Data extracted from a collection
·····

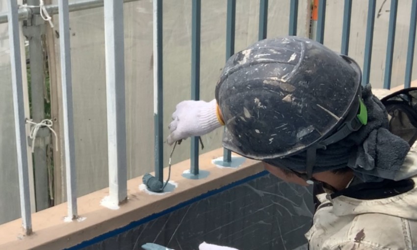 本日は手摺りの中塗りを行い、サビ止めで保護した下地の上に塗膜を重ね、仕上げに向けた強固な基盤を整えました。
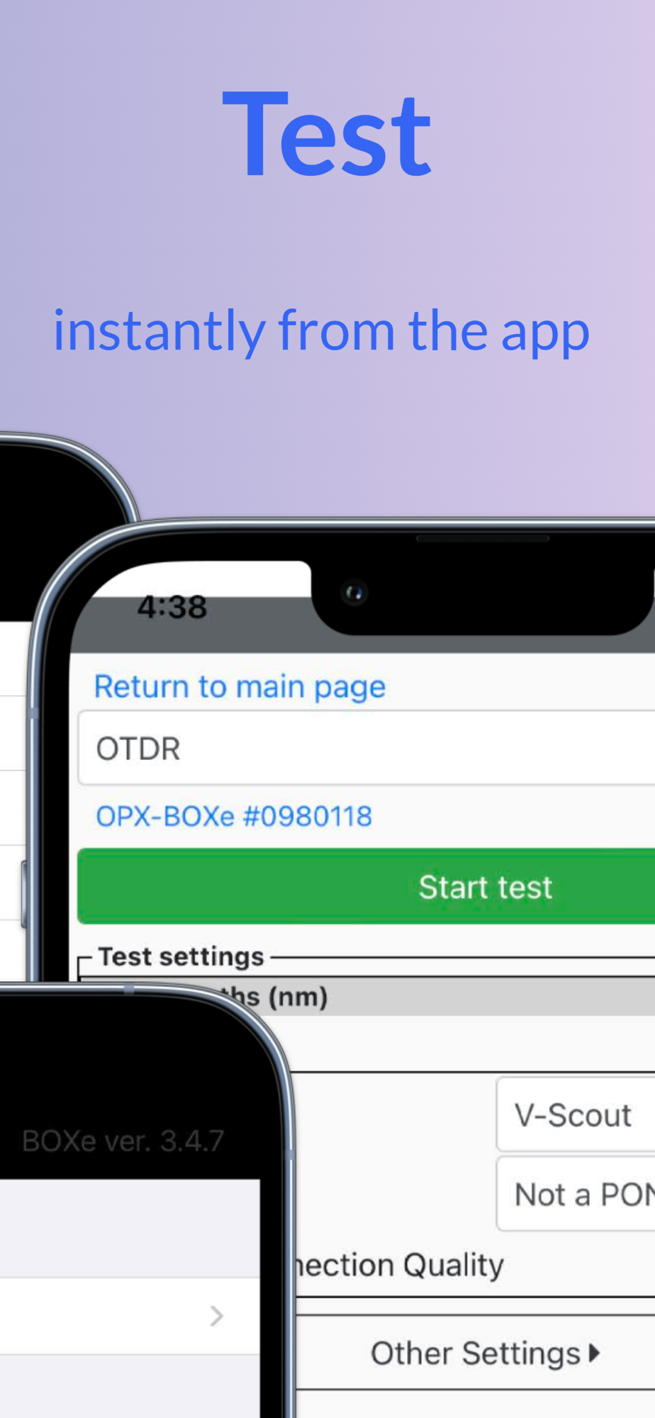 OPX-BOXe Tool app is used to remote administer OPX-BOXe OTDR via Bluetooth.
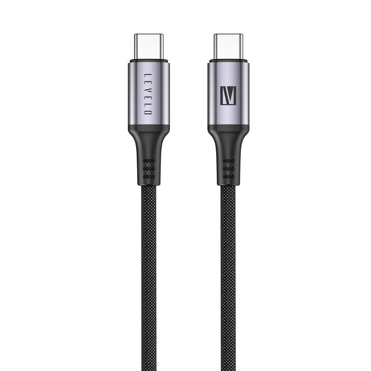 كابل جلدي من Levelo Otto USB-C إلى Type-C بقوة 60 وات، مقاوم للتشابك، شحن سريع، مقاوم للحرارة، طول الكابل 1.2 متر - أسود
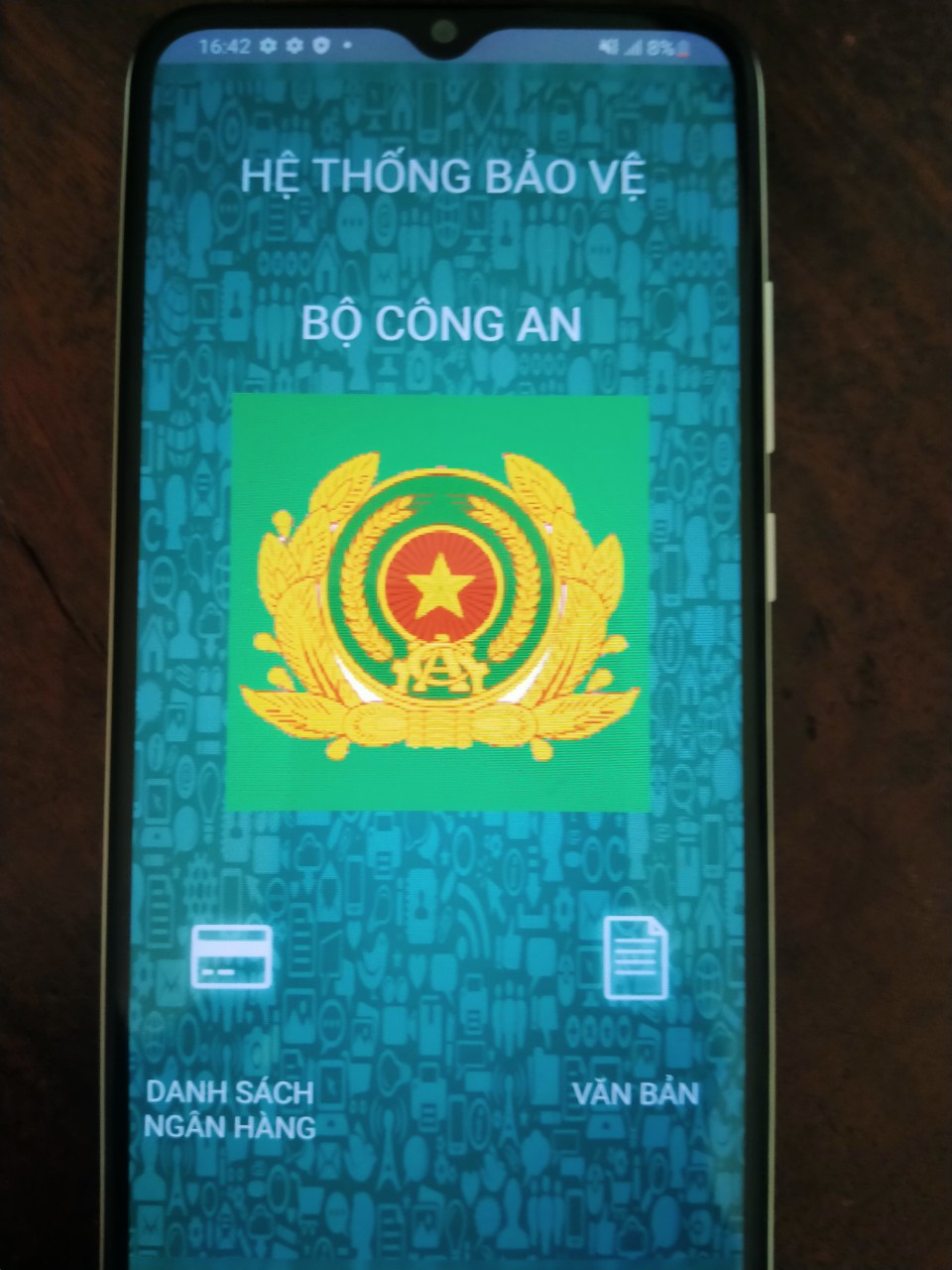 Phầm mềm giả mạo Bộ Công An ( Ảnh chụp màn hình do nạn nhân cung cấp)
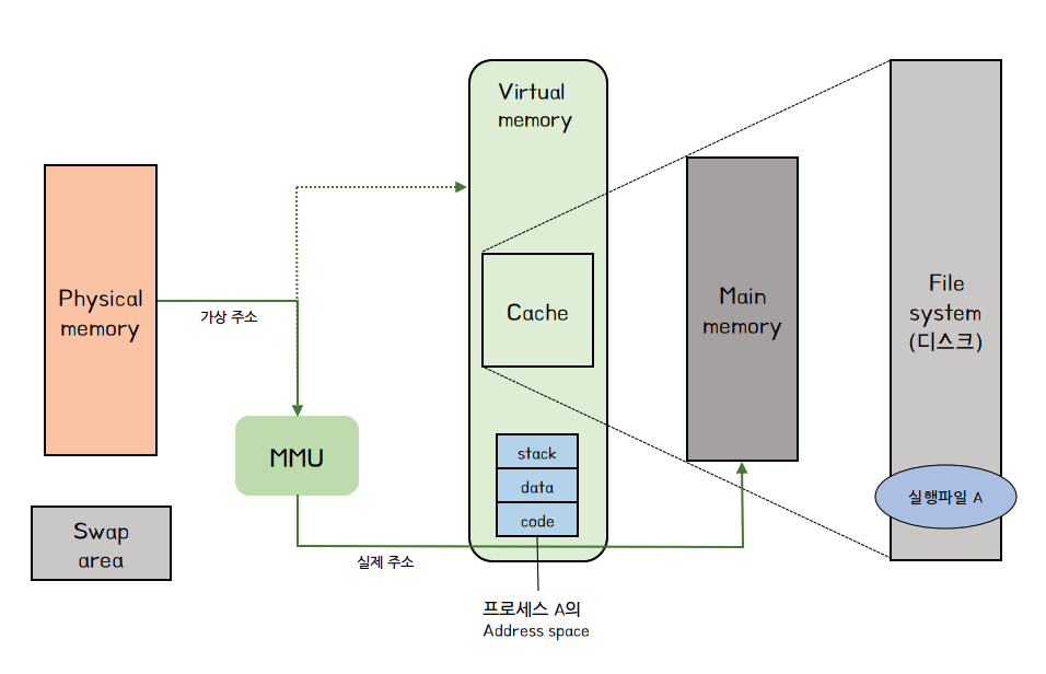 이러한 독자적인 주소 공간을 '물리적 메모리(Physical memory)'에 올려 실행을 시킨다. 이 때 커널 영역은 컴퓨터를 켜면 메모리에 항상 올라가있지만, 사용자 프로그램은 실행을 할 때 주소 공간이 생겼다가 프로그램을 종료하면 사라진다. 또한 모든 주소 공간을 물리적 메모리에 올리는 것이 아니라 필요한 부분만 올려 메모리 낭비를 방지한다. 경우에 따라 보관해야 하는 주소 공간 중 당장 필요한 것은 물리적 메모리에 올려놓고, 그렇지 않은 것은 'Swap area'에 내려놓는다. 가상 메모리의 stack, data, code는 각각 분리되어 용도에 맞게 메모리에 올라간다.
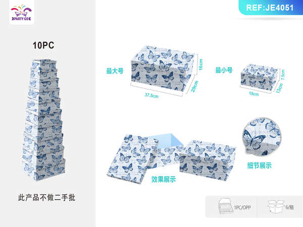 Cutii pentru Cadouri Engros, din Carton, Set de 10 Bucăți, Diverse Modele – Ambalajul Perfect pentru Orice Ocazie Specială! Indispensabile pentru Magazine de Cadouri, Librării, Magazine de Articole de Petrecere, Florării, Supermarketuri și Comercianți Online! Vă oferim o selecție variată de cutii pentru cadouri din carton, disponibile pentru vânzare engros în seturi de 10 bucăți, concepute pentru a transforma orice dar într-o surpriză elegantă și memorabilă. Aceste cutii sunt ideale pentru a ambala cadouri la aniversări, sărbători, nunți, botezuri, evenimente corporate sau orice moment care necesită o prezentare impecabilă. Imaginile prezintă cutii din carton cu diverse designuri și finisaje, adesea cu un capac detașabil sau sistem de închidere. Modelele includ: Designuri Florale și Naturale:Cutii cu ilustrații delicate de flori roz pe fundal albastru deschis, ideal pentru cadouri feminine, primăvară sau evenimente romantice.Cutii cu motive de frunze verzi pe fundal alb, pentru un aspect proaspăt și natural.Designuri Geometrice/Abstracte:Modele cu valuri abstracte în tonuri de albastru și verde, oferind un aspect modern și dinamic.Cutii cu motive de buline (polka dot) colorate pe fundal alb, pentru o notă veselă și jucăușă.Diverse Dimensiuni în Seturi: Seturile de 10 bucăți conțin adesea cutii de dimensiuni diferite, care se potrivesc una în alta (nesting boxes), oferind flexibilitate pentru ambalarea diverselor cadouri și optimizând spațiul de depozitare.
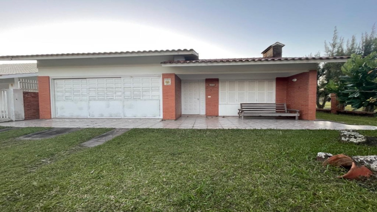 Casa térrea composta de 3 dormitórios sendo uma suíte, garagem com churrasqueira, cozinha americana, sala de estar e jantar com lareira, semi mobiliado, frente leste..
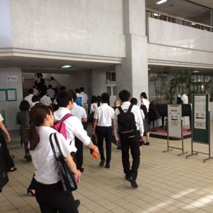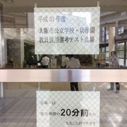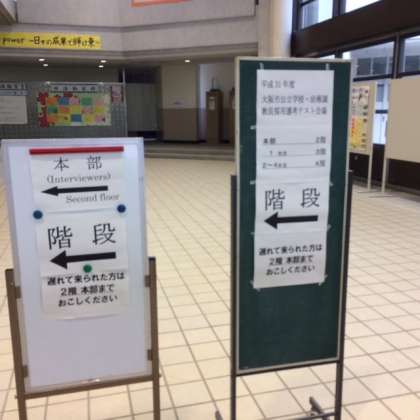 今日は東中で平成31年度大阪市公立学校・幼稚園教員採用選考が行われ、英語科と美術科の実技テストが実施されます。

·····

[To do] A faithful, word-for-word copy of the data is needed; the pictures should not appear in it.

[Output of the task]
 本日は手摺りの中塗りを行い、サビ止めで保護した下地の上に塗膜を重ね、仕上げに向けた強固な基盤を整えました。
 OPX-BOXe Tool app is used to remote administer OPX-BOXe OTDR via Bluetooth.
 كابل جلدي من Levelo Otto USB-C إلى Type-C بقوة 60 وات، مقاوم للتشابك، شحن سريع، مقاوم للحرارة، طول الكابل 1.2 متر - أسود
 Phầm mềm giả mạo Bộ Công An ( Ảnh chụp màn hình do nạn nhân cung cấp)
 이러한 독자적인 주소 공간을 '물리적 메모리(Physical memory)'에 올려 실행을 시킨다. 이 때 커널 영역은 컴퓨터를 켜면 메모리에 항상 올라가있지만, 사용자 프로그램은 실행을 할 때 주소 공간이 생겼다가 프로그램을 종료하면 사라진다. 또한 모든 주소 공간을 물리적 메모리에 올리는 것이 아니라 필요한 부분만 올려 메모리 낭비를 방지한다. 경우에 따라 보관해야 하는 주소 공간 중 당장 필요한 것은 물리적 메모리에 올려놓고, 그렇지 않은 것은 'Swap area'에 내려놓는다. 가상 메모리의 stack, data, code는 각각 분리되어 용도에 맞게 메모리에 올라간다.
 Cutii pentru Cadouri Engros, din Carton, Set de 10 Bucăți, Diverse Modele – Ambalajul Perfect pentru Orice Ocazie Specială! Indispensabile pentru Magazine de Cadouri, Librării, Magazine de Articole de Petrecere, Florării, Supermarketuri și Comercianți Online! Vă oferim o selecție variată de cutii pentru cadouri din carton, disponibile pentru vânzare engros în seturi de 10 bucăți, concepute pentru a transforma orice dar într-o surpriză elegantă și memorabilă. Aceste cutii sunt ideale pentru a ambala cadouri la aniversări, sărbători, nunți, botezuri, evenimente corporate sau orice moment care necesită o prezentare impecabilă. Imaginile prezintă cutii din carton cu diverse designuri și finisaje, adesea cu un capac detașabil sau sistem de închidere. Modelele includ: Designuri Florale și Naturale:Cutii cu ilustrații delicate de flori roz pe fundal albastru deschis, ideal pentru cadouri feminine, primăvară sau evenimente romantice.Cutii cu motive de frunze verzi pe fundal alb, pentru un aspect proaspăt și natural.Designuri Geometrice/Abstracte:Modele cu valuri abstracte în tonuri de albastru și verde, oferind un aspect modern și dinamic.Cutii cu motive de buline (polka dot) colorate pe fundal alb, pentru o notă veselă și jucăușă.Diverse Dimensiuni în Seturi: Seturile de 10 bucăți conțin adesea cutii de dimensiuni diferite, care se potrivesc una în alta (nesting boxes), oferind flexibilitate pentru ambalarea diverselor cadouri și optimizând spațiul de depozitare.
 Casa térrea composta de 3 dormitórios sendo uma suíte, garagem com churrasqueira, cozinha americana, sala de estar e jantar com lareira, semi mobiliado, frente leste..
 今日は東中で平成31年度大阪市公立学校・幼稚園教員採用選考が行われ、英語科と美術科の実技テストが実施されます。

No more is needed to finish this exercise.